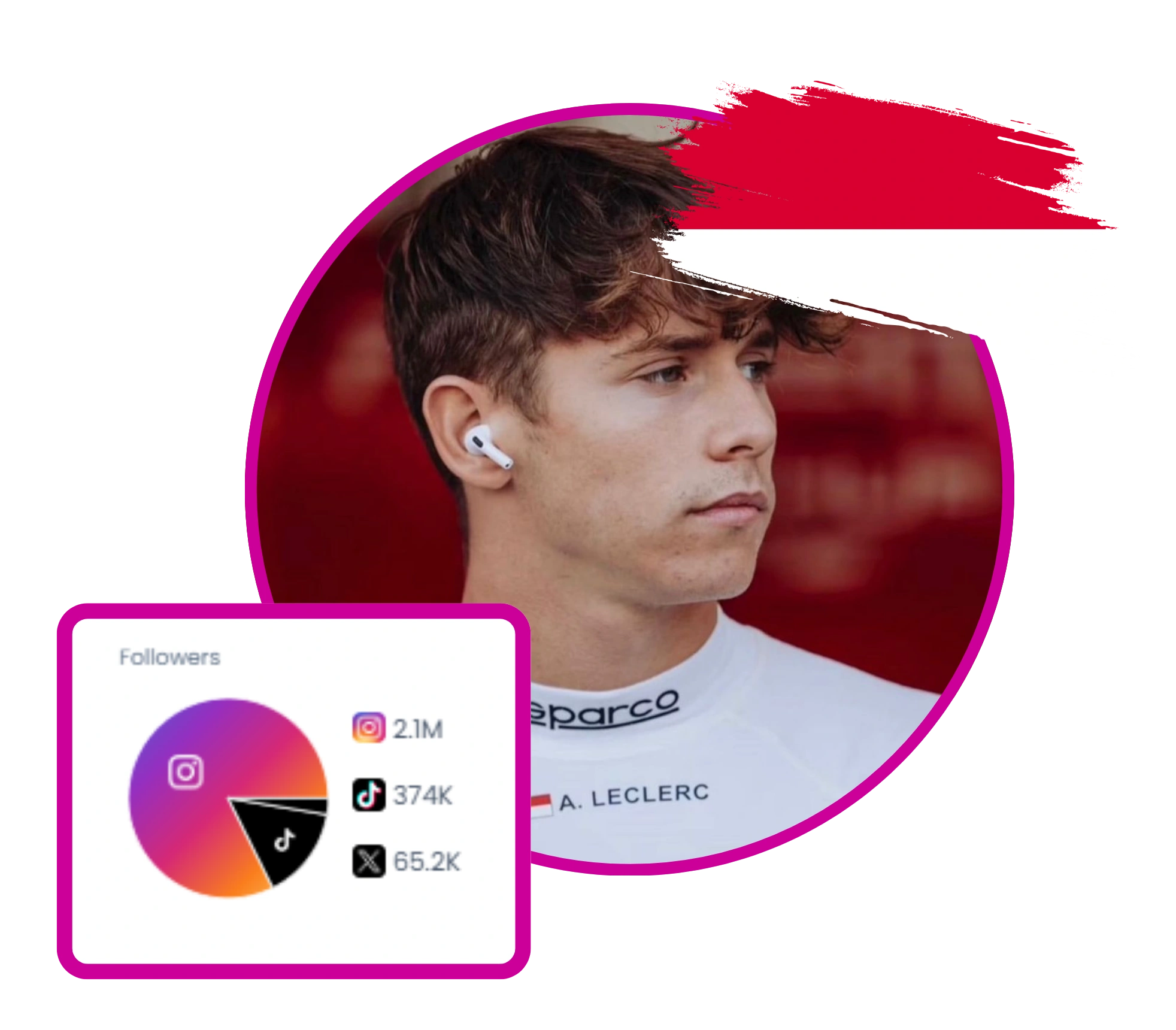 Charles Leclerc is a prominent Formula 1 driver for Scuderia Ferrari, known for his impressive performances on the track. He shares behind-the-scenes moments, race highlights, and personal experiences with his audience across various social media platforms. Leclerc's content often features his achievements, such as winning races in Monaco and Monza, and his dedication to improving as a driver. He engages with fans by sharing training routines, personal milestones, and collaborations with teammates.
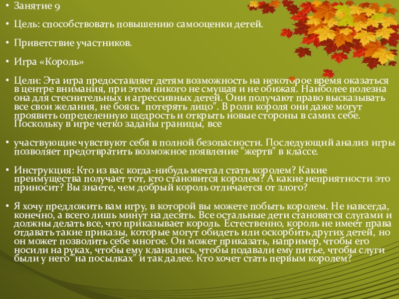 Я хочу предложить вам игру, в которой вы можете побыть королем. Не навсегда, конечно, а всего лишь минут на десять. Все остальные дети становятся слугами и должны делать все, что приказывает король. Естественно, король не имеет права отдавать такие приказы, которые могут обидеть или оскорбить других детей, но он может позволить себе многое. Он может приказать, например, чтобы его носили на руках, чтобы ему кланялись, чтобы подавали ему питье, чтобы слуги были у него "на посылках" и так далее. Кто хочет стать первым королем?
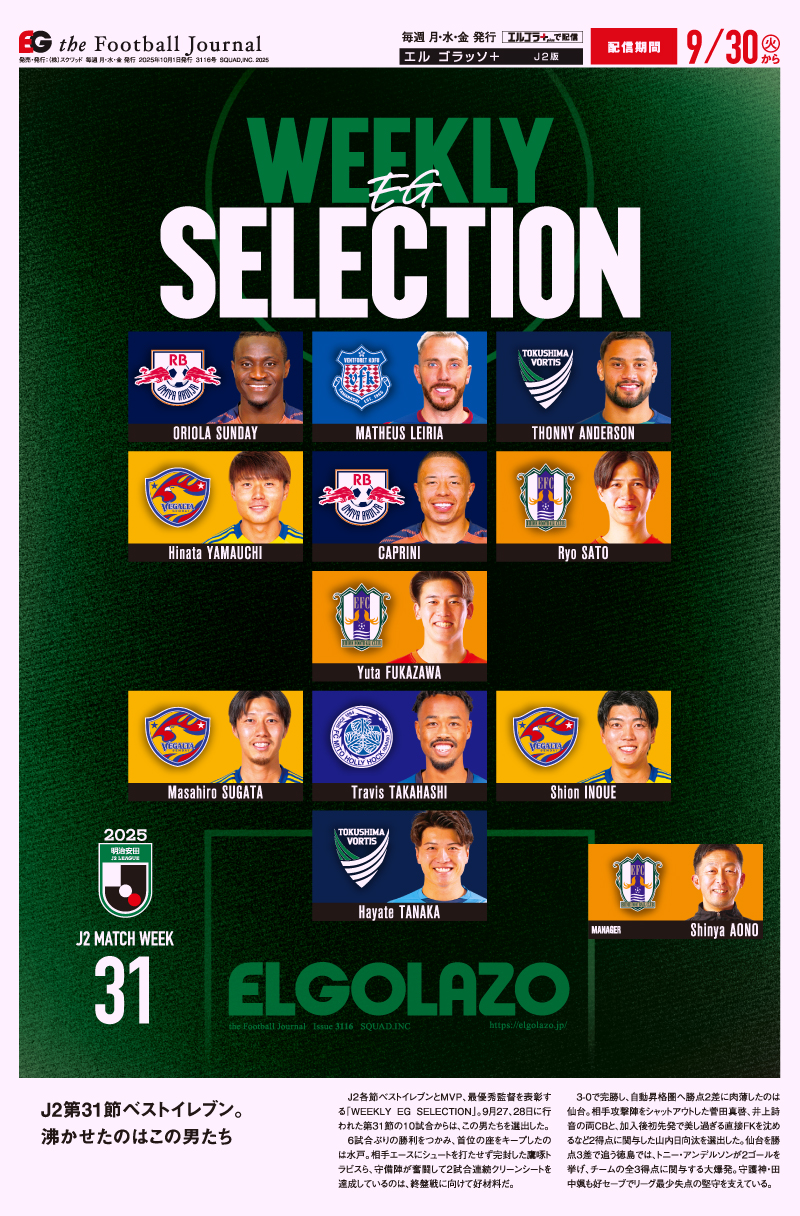 3116 J2 2025年09月30日発行 販売価格 ¥180 税込 読み放題でお得に読む or ログイン 電子版を購入する お気に入りに追加 カートに追加しました。 お買い物を続ける カートへ進む WEEKLY EG SELECTION J2 MATCH WEEK 31 [明治安田J2第31節EGセレクション] [明治安田J1第32節EGセレクション] [水曜連載]
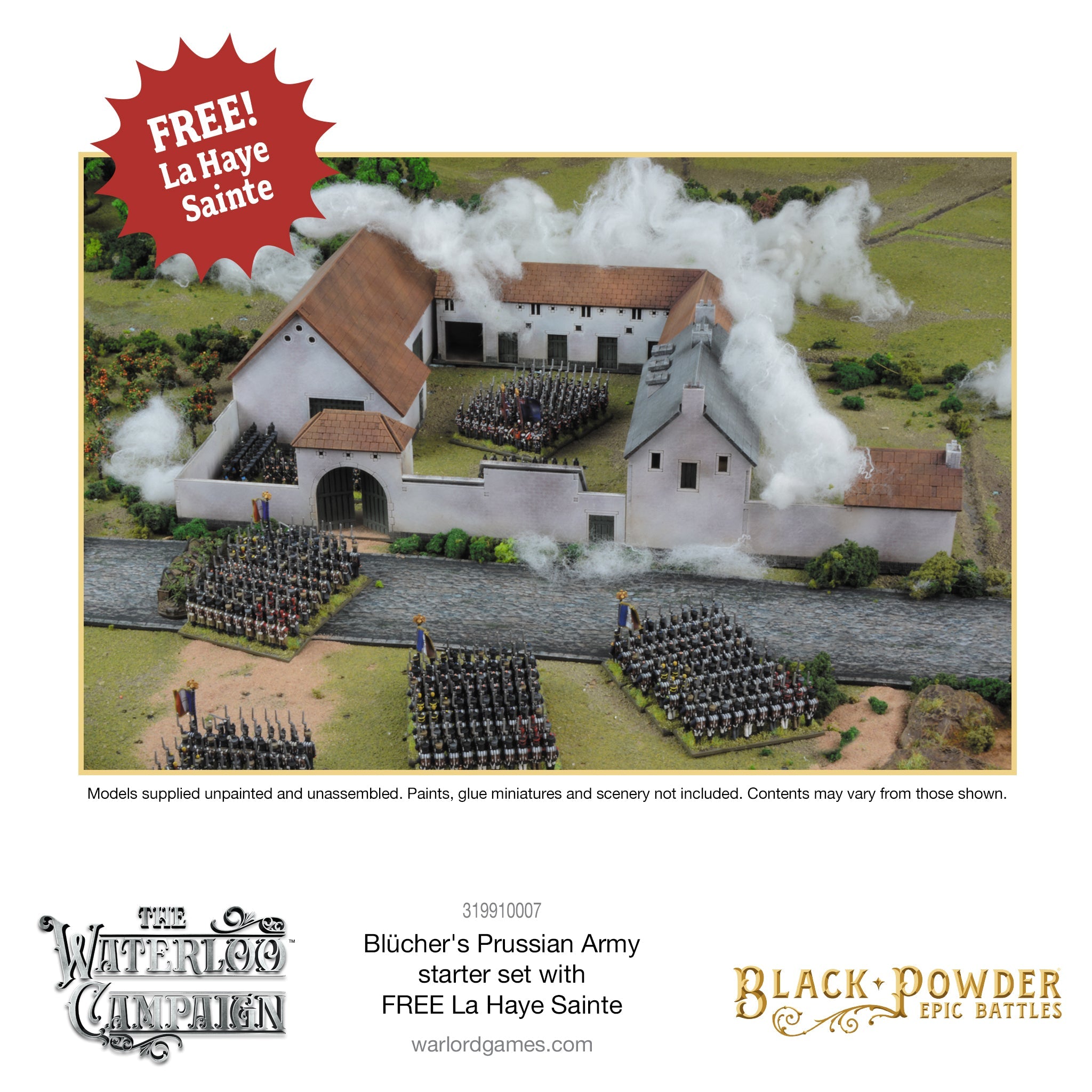 This bundle contains an Epic Battles: Waterloo British Starter Army and a FREE La Haye Sainte Farmhouse!
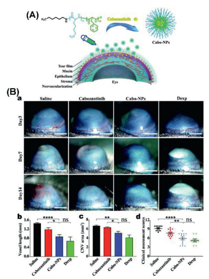Cabozantinib, also known as XL184, is a multi-targeted small-molecule TKIs that has been applied to remedy various solid tumors by blocking VEGF signaling pathway [29,30]. The ability to inhibit the development of vascular endothelial cells also enables cabozantinib to be a candidate drug for CNV treatments. To reduce its systemic toxicity, Han et al. constructed N-carboxyanhydride ring-opening polymerization (NCA-ROP) and then based on cationic amphiphilic polypeptide Lys (NH2)-Phe to encapsulate lipophilic cabozantinib into self-assembled micelles (Cabo-NPs) [31]. Cationic Cabo-NPs could bind with corneal surface mucins by electrostatic action to avoid rapid clearance and prolong the retention time in the eye, thereby enhancing its bioavailability (Fig. 2A). Afterwards, they used an alkali burn-induced CNV model to evaluate the efficacy of Cabo-NPs. Cabo-NPs showed stronger anti-CNV effects than other groups via strong inhibition of pro-inflammatory factors and pro-angiogenic factors (Fig. 2B-a). The amount of angiogenesis reached the highest level on day 14. The saline group exhibited the most severe CNV accompanied by turbidity and edema. There was no significant difference in the length of blood vessels and neovascularized area between saline group and cabozantinib group, indicating that cabozantinib alone had no significant inhibitory effect on CNV. In contrast, vessel length and neovascularized area were significantly reduced in Cabo-NP-treated mice (Figs. 2B-b & c). Meanwhile, the positive control group of Dexp, showed similar clinical examination score as Cabo-NPs (Fig. 2B-d), indicating the potential value of Cabo-NPs for further clinical application.
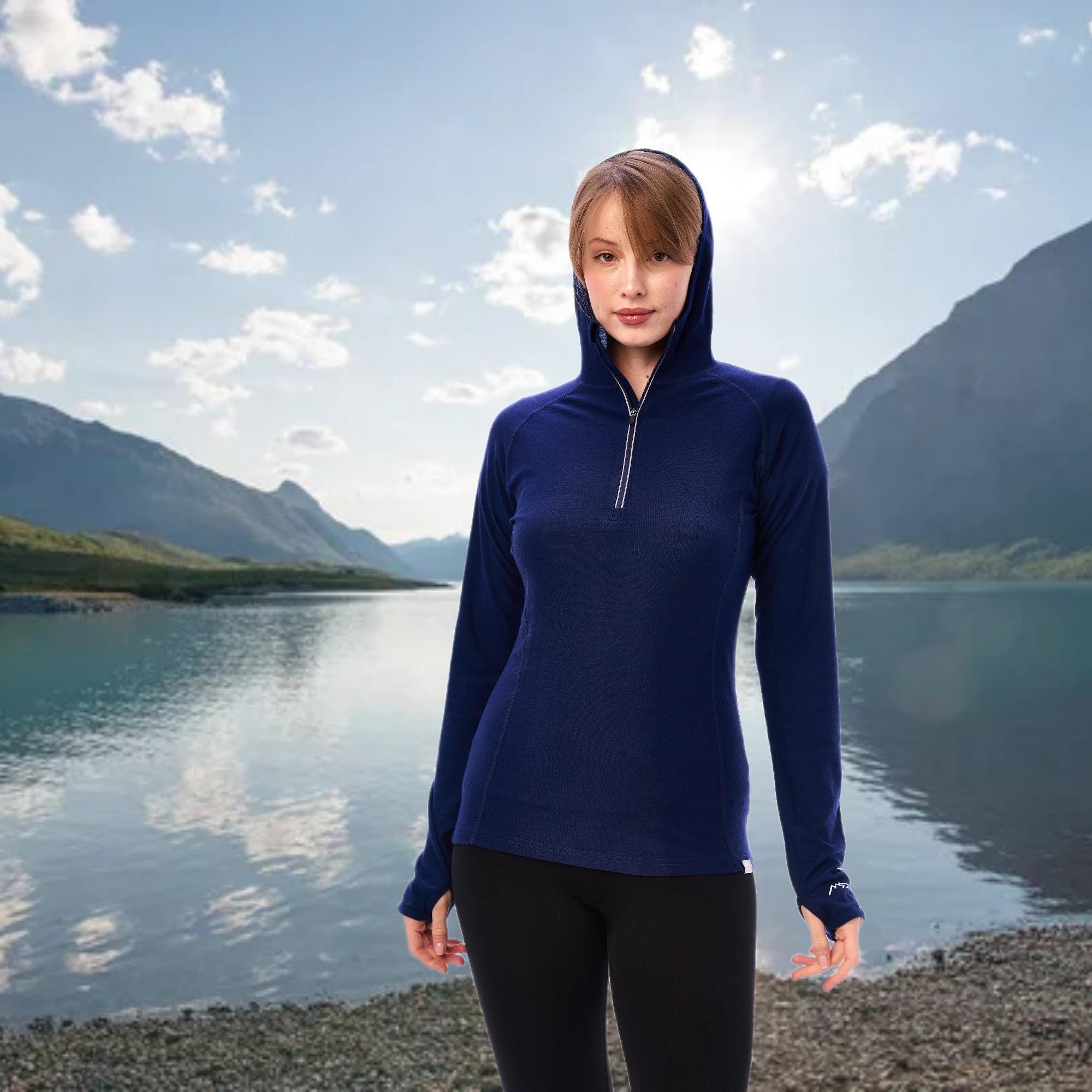 Stay warm and stylish during your outdoor adventures or gym sessions with our versatile lightweight hoodie. Crafted from high-quality merino wool thermal fabric, this half zip hoodie is a must-have for active women on the go. Designed to provide excellent moisture-wicking, insulation, and breathability, it keeps you comfortable whether you're hiking, running, or hitting the gym.

= = = =

PROMPT:
Would you please reproduce the entries above, starting at the line with "3116 J2 2025年09月30日発行" and stopping after the line with "This bundle contains"? Omit any pictures.

EXPECTED ANSWER:
 3116 J2 2025年09月30日発行 販売価格 ¥180 税込 読み放題でお得に読む or ログイン 電子版を購入する お気に入りに追加 カートに追加しました。 お買い物を続ける カートへ進む WEEKLY EG SELECTION J2 MATCH WEEK 31 [明治安田J2第31節EGセレクション] [明治安田J1第32節EGセレクション] [水曜連載]
 This bundle contains an Epic Battles: Waterloo British Starter Army and a FREE La Haye Sainte Farmhouse!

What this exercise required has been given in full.